*isa= UNIVERSAL::isa;
sub whatever {
for my $ref ( @_ ) {
if( isa( $ref, "HASH" ) ) {
# ...
Because it doesn't fail to be useful just because a reference is blessed (like ref does), it is simple, and it is easy to fool it into doing the right thing when it doesn't get it right by default. reftype() won't work for overloaded objects that can behave as a certain type of reference whether or not they are implemented as that type of reference. isa doesn't (by default) handle that case either, but you at least can make your overloaded object inherit from "HASH" and/or "ARRAY" (etc.) in order to get isa() to "do the right thing".
There really needs to be some "canBe" added to the Perl core that correctly handles all of these cases. I'd write or search for a module to determine allowed reference types that was aware of overload, but such not being in the core would make it fairly useless to me, personally.

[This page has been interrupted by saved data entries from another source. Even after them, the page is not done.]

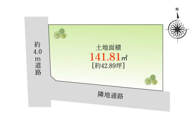 西側約4.0m、南側約3.5m通路 |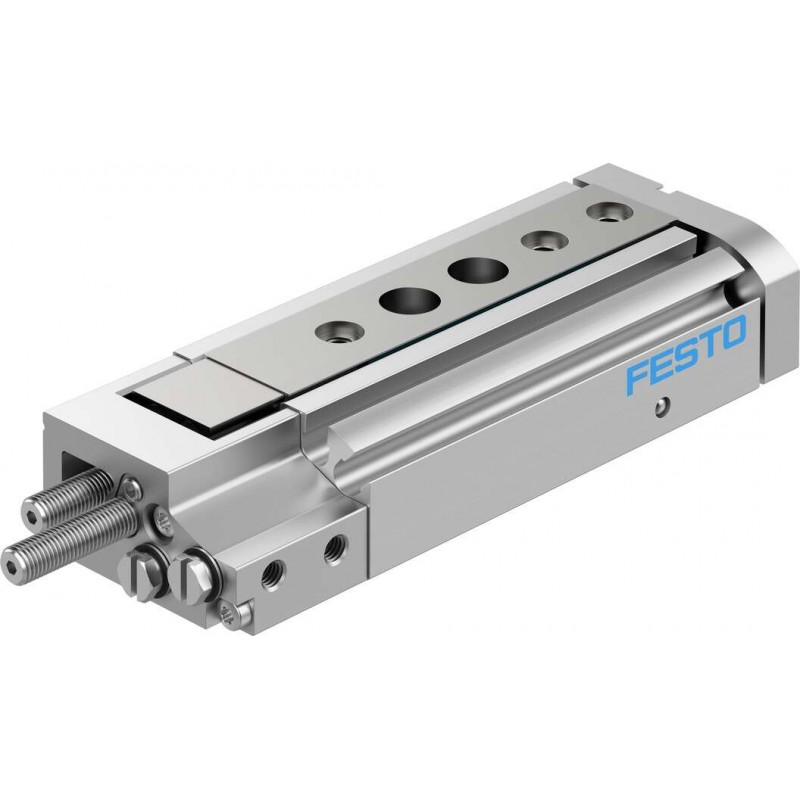 Festo DGSL sorozatú mini szánegység, dugattyú átmérő 6 mm, lökethossz 20 mm. Rugalmas csillapító gyűrűkkel mindkét végén, üzemi nyomás 2.5 bar ... 8 bar, pneumatikus csatlakozás M3.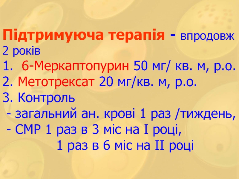 Слайд 26Підтримуюча терапія - впродовж 2 років

On the rare occassion when I really want to do the extra effort in order to get this type of thing right (rather than doing something simple that works in most cases and can be fooled to work in the others), I use eval (as with Data::Diver):
sub whatever {
for my $ref ( @_ ) {
if( !ref($ref) ) {
# Not a reference
} elsif( eval { my $x= $ref->{''}; 1 } ) {
# It can be used as a hash ref
# ...
But that isn't absolutely perfect because it will invoke a FETCH method that might be broken enough to change some state somewhere, making our test intrusive. But I can at least shift some of the blame to the author of the "broken" FETCH method, so it is the best I've implemented.

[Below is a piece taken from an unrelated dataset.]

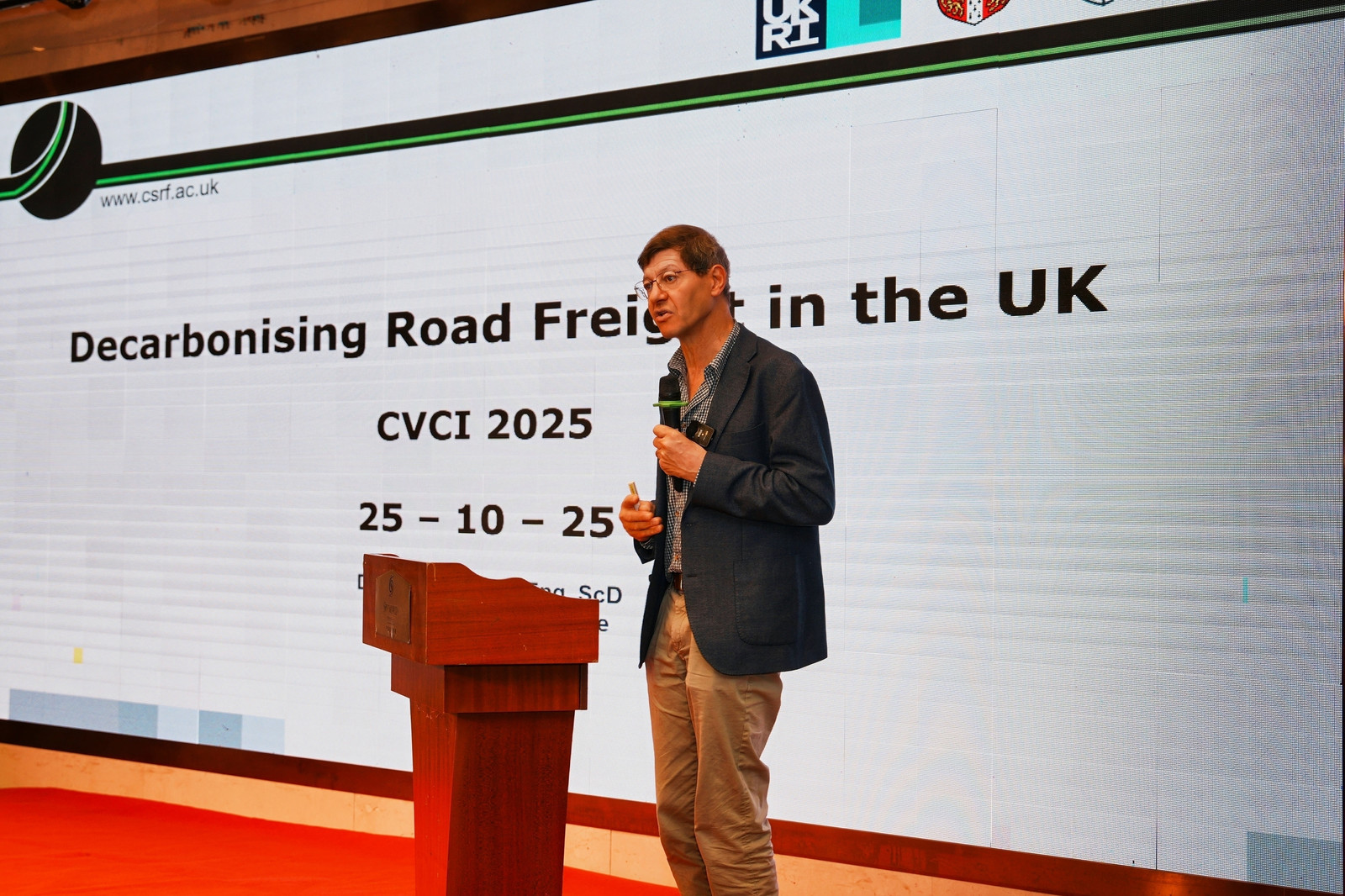 在为期三天的会议中,英国皇家工程院院士、剑桥大学DavidCebon教授率先作题为Challenges in Decarbonisation of RoadFreight(《道路货运脱碳面临的挑战》)的大会报告。报告分析了长途重型货运在实现脱碳过程中的技术瓶颈,比较了静态充电(使用充电桩)与动态充电(使用电气化公路运输系统)两种方案的可行性,指出后者在能效与基础设施适配方面具有更大优势,为道路货运的低碳转型提供了重要思路。

Note that I didn't go the route of figuring out how to decide if overload.pm was providing the functionality as it wasn't too long ago when this stuff changed and my eval trick will work even if it changes again. Better would be a core module that safely makes the determination and stays up-to-date.
Note that some hate the use of isa() because it can be fooled into doing the wrong thing. I don't see that as a problem in most situations, and sometimes it can be useful. But you should be aware of that.